- - Monday, May 11, 2009


Safeway, workers continue talks

DENVER — With the threat of a strike looming, Safeway agreed to resume negotiations with its union workers a day after they authorized a strike, a company spokeswoman said Sunday.

The labor contract between Safeway and its workers expired Saturday night without a new labor agreement and workers were planning to walk off their jobs as soon as Monday.

The grocery chain remains “committed to negotiating new agreements which recognize the realities of the current economy and the highly competitive retail food market in Colorado,” said Safeway spokeswoman Kristine Staaf.

United Food and Commercial Workers Local 7 in Colorado represents about 17,000 workers at Safeway, King Soopers and Albertsons. The union said the three chains have offered similar proposals to replace the current labor contracts, which expired Saturday, but the sides still disagree over wages and pension benefits.

Ms. Staaf said Sunday’s agreement means the labor agreements that expired Saturday will be extended on a day-to-day basis until May 30 while negotiations continue. She says that either side can agree to terminate their temporary agreement with a 24-hour written notice.


Wrecked train deemed sound

BOSTON — A spokesman for the National Transportation Safety Board says no mechanical problems have been found on a Boston train that crashed into another Friday, injuring about 50 people.

The trolley driver told police he was texting his girlfriend before his train collided with a stopped train on the Green Line.

NTSB spokesman Peter Knudson said that no problems were found with the brakes or other equipment on the train that caused the wreck. He says that the train was going 25 mph when it crashed and that the stopped train was first visible to the moving train from 480 feet away.
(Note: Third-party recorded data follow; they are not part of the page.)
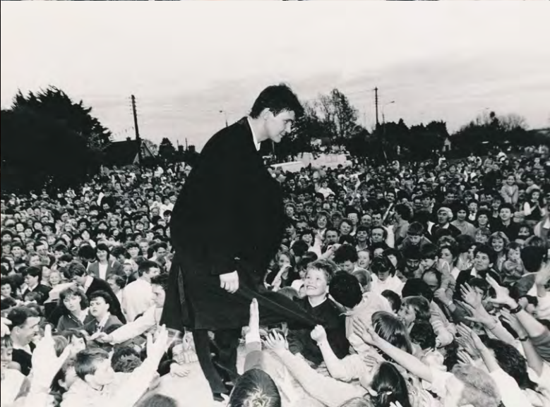
Arriving back in Ashbourne with the 2nd. Eurovision Trophy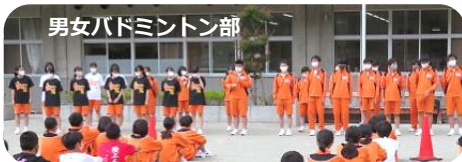
男女バドミントン部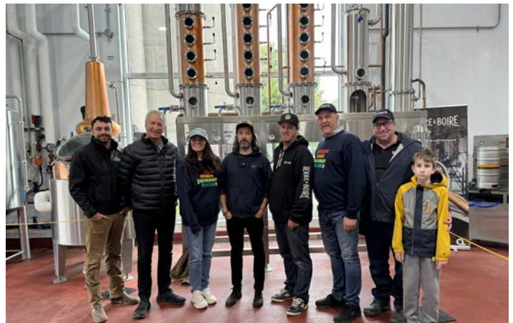
Terre à Boire Saint-Blaise-sur-Richelieu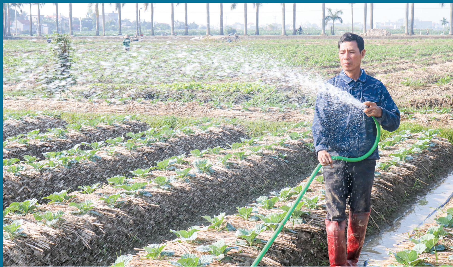
Vùng liên kết sản xuất bắp cải tại xã Quỳnh Nguyên (Quỳnh Phụ).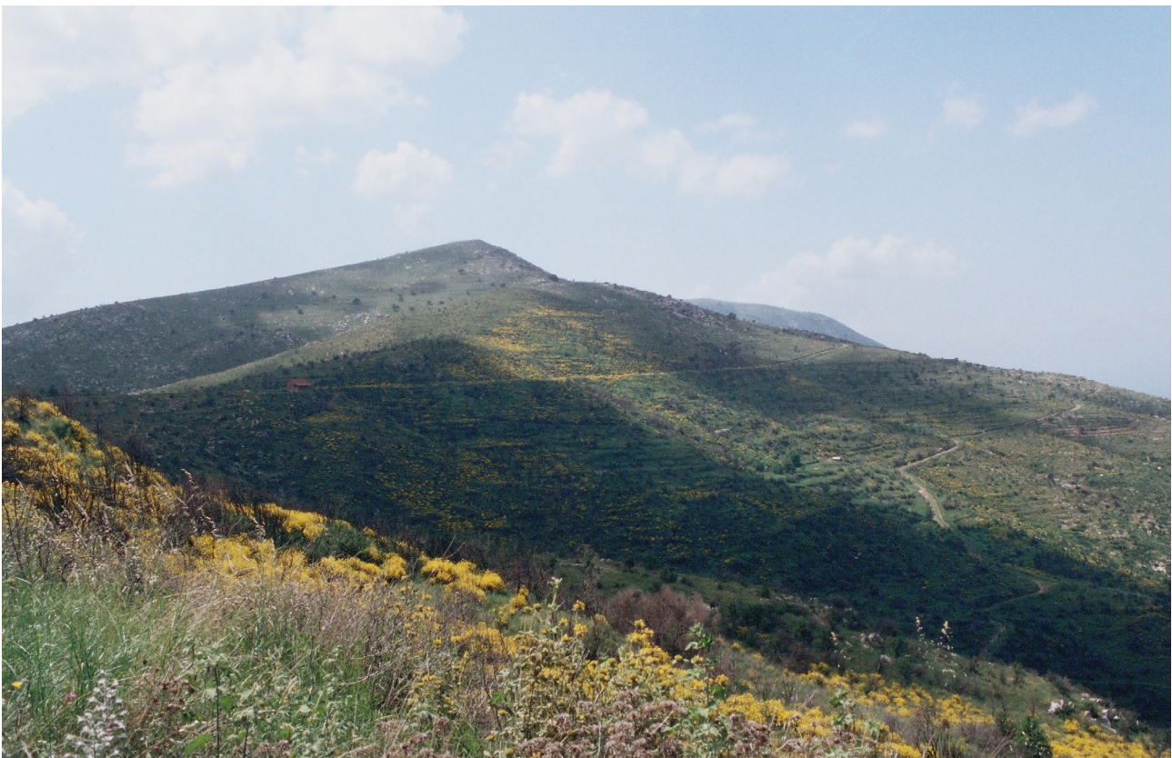
De heuvel van Theisoa.

Gert-Jan te Riele onderzocht in de jaren zeventig inscripties in Arkadië en stuitte daarbij op een vindplaats in het gehucht Tsouraki.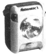
Laterne Atl. F

Verlangen Sie bitte ein ausführliches Angebot oder rufen Sie uns an, wir können Sie fachmännisch beraten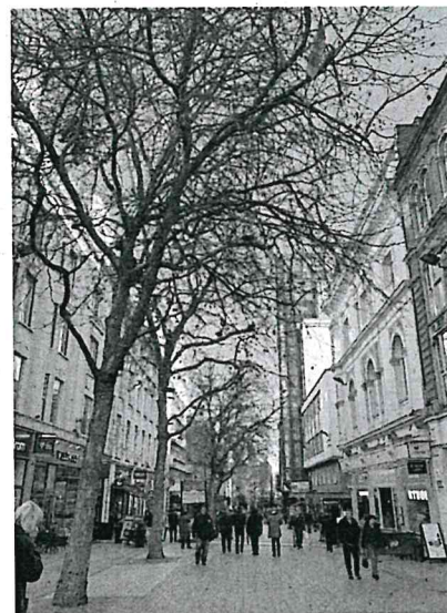
上圖為攝於二月份在伯 明罕人來人往的街道上。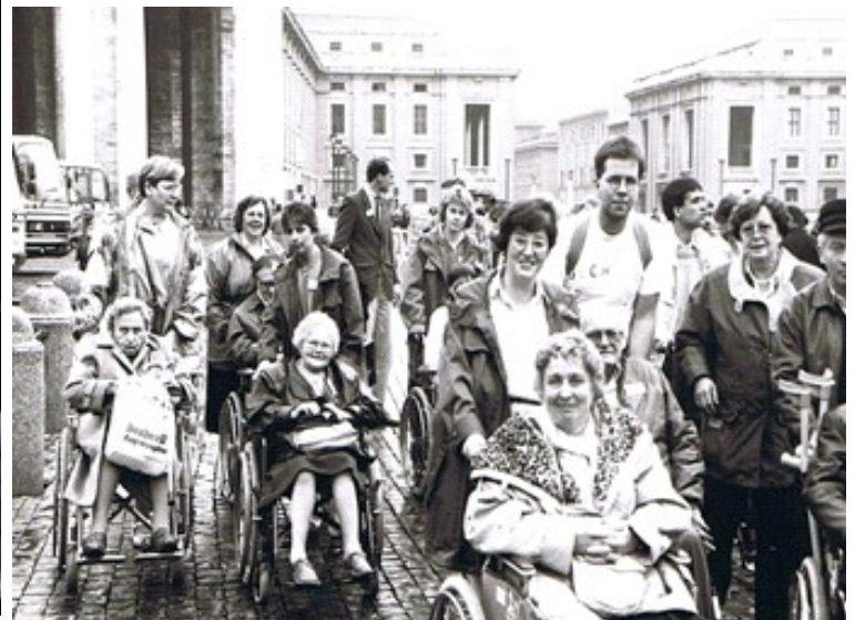
Erste Behinderten Romwallfahrt 1991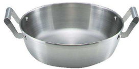
④ 18-10 ロイヤル 天ぷら鍋 XPD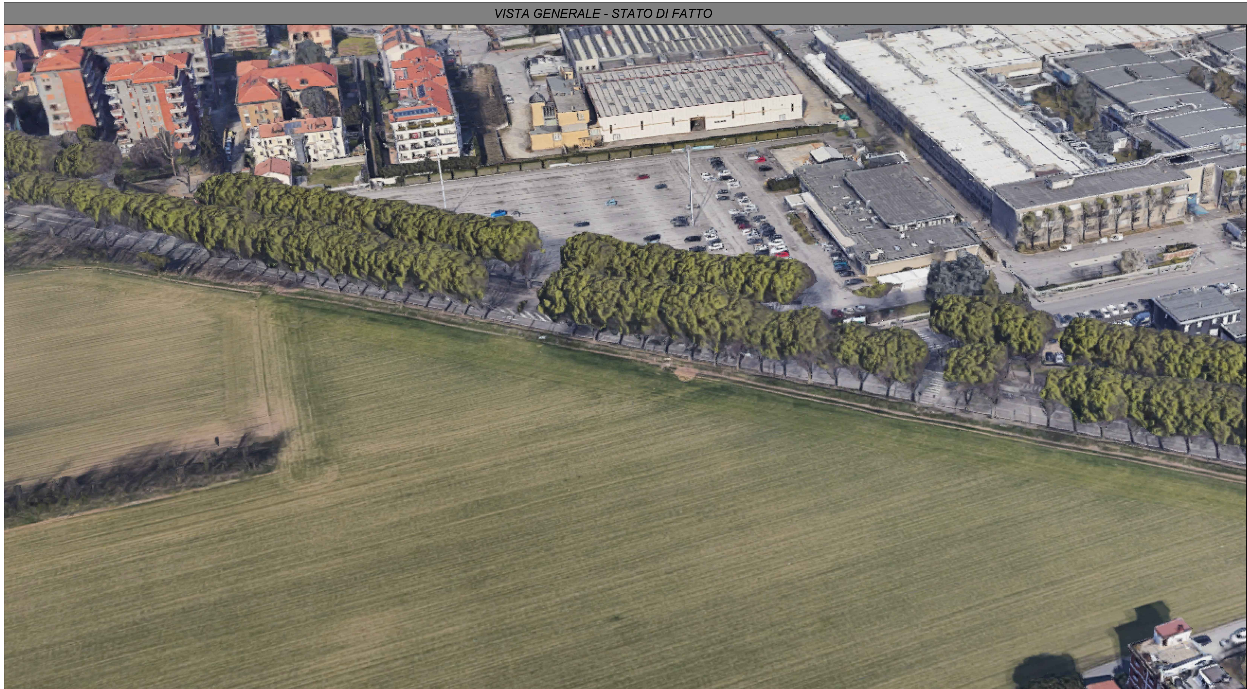
VISTA GENERALE - STATO DI FATTO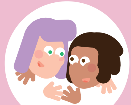
Ik kan knuffelen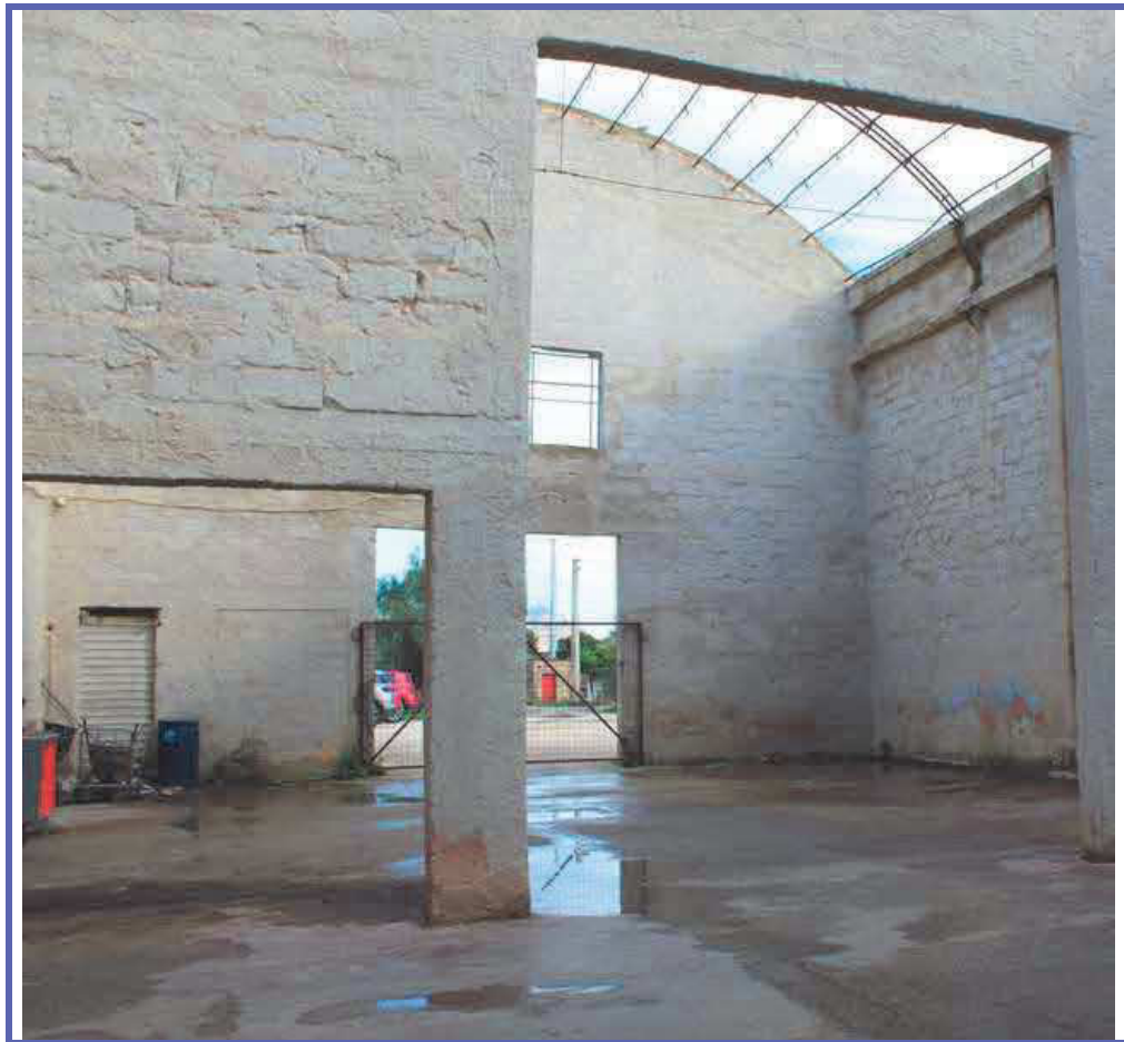
Foto 36 - interno capannone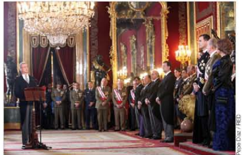
El nuevo ministro de Defensa vivió su primera Pascua Militar

El discurso del Rey, en el que incluyó su felicitación a las Fuerzas Armadas, cerró el acto central de la Pascua Militar que se celebra cada 6 de enero en el Palacio Real, en Madrid.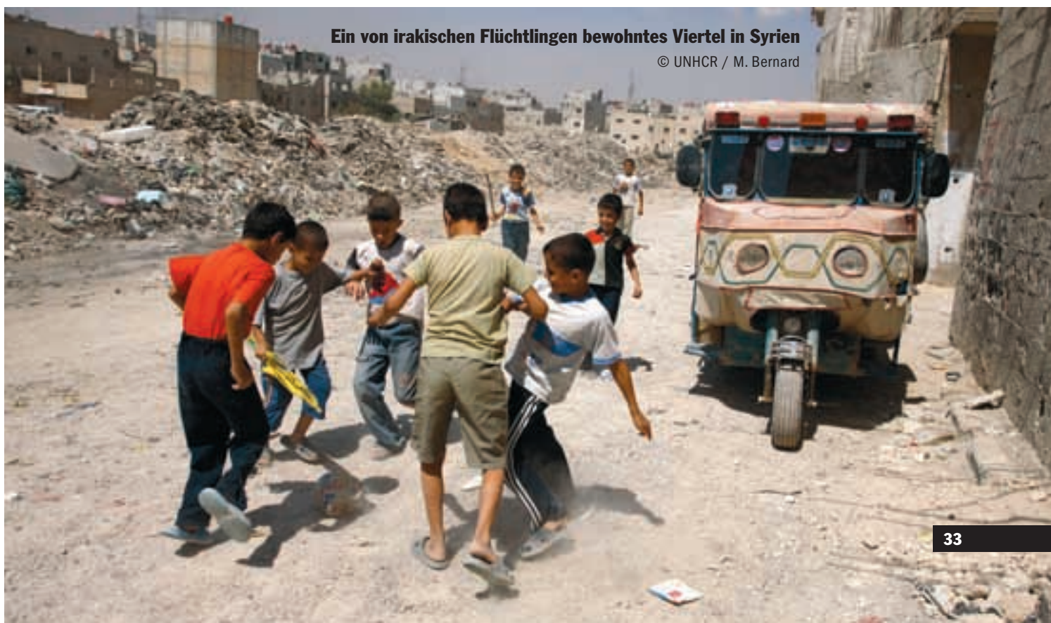
Ein von irakischen Flüchtlingen bewohntes Viertel in Syrien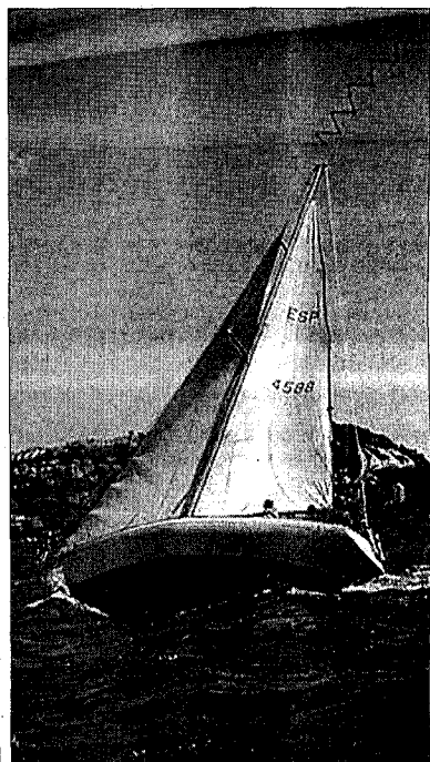
La imatge que ofereiren les regates que s'organitzen cada dissabte a la badia de Roses són dignes de postal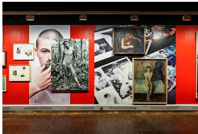
Melgaard+Munch: The End of It All Has Already Happened, installasjonsbilde, Munchmuseet 2015.

I Sex-avdelingen er lyset dempet. Kunsten henger om hverandre i store felt. Noen bilder er løftet ut fra veggen slik at de dels overlapper andre. Under ligger masete tapeter designet av Melgaard. Munch er presentert med forholdsvis mange malerier med sjalusi som tema. Et par kliner i bakgrunnen, i forgrunnen et blekt og dratt mannsansikt. Pubertet er hengt ved siden av et av Melgaards NAMBLA-malerier. Melgaards sex er mer eksplisitt og medietilfanget hans større; i en stop-motion-animasjon vist på en liten skjerm på veggen blir en mann som henger fra taket i en celle, omstendelig fistet. Det finnes ingen verksliste eller titler å orientere etter. Et feststemt soundtrack siver ut fra Daddypussy -rommet. Fornemmelsen av å befinne seg på Melgaards enemerker er påtagelig.

All the injured passengers are recovering, and the Green Line reopened Sunday.

The trolley driver faces firing and possible criminal charges.


Winfrey gets degree, speaks at Duke

DURHAM — Oprah Winfrey urged graduates at Duke University’s commencement to “stand proudly in your own shoes while you help others stand in theirs.”

Miss Winfrey also collected an honorary doctor of humane letters degree from the university in Durham, N.C., Sunday.

She shared stories with the 4,400 graduates about interviewing celebrities such as Hugh Jackman and Nelson Mandela. She says it is the ordinary people that often inspire her even more.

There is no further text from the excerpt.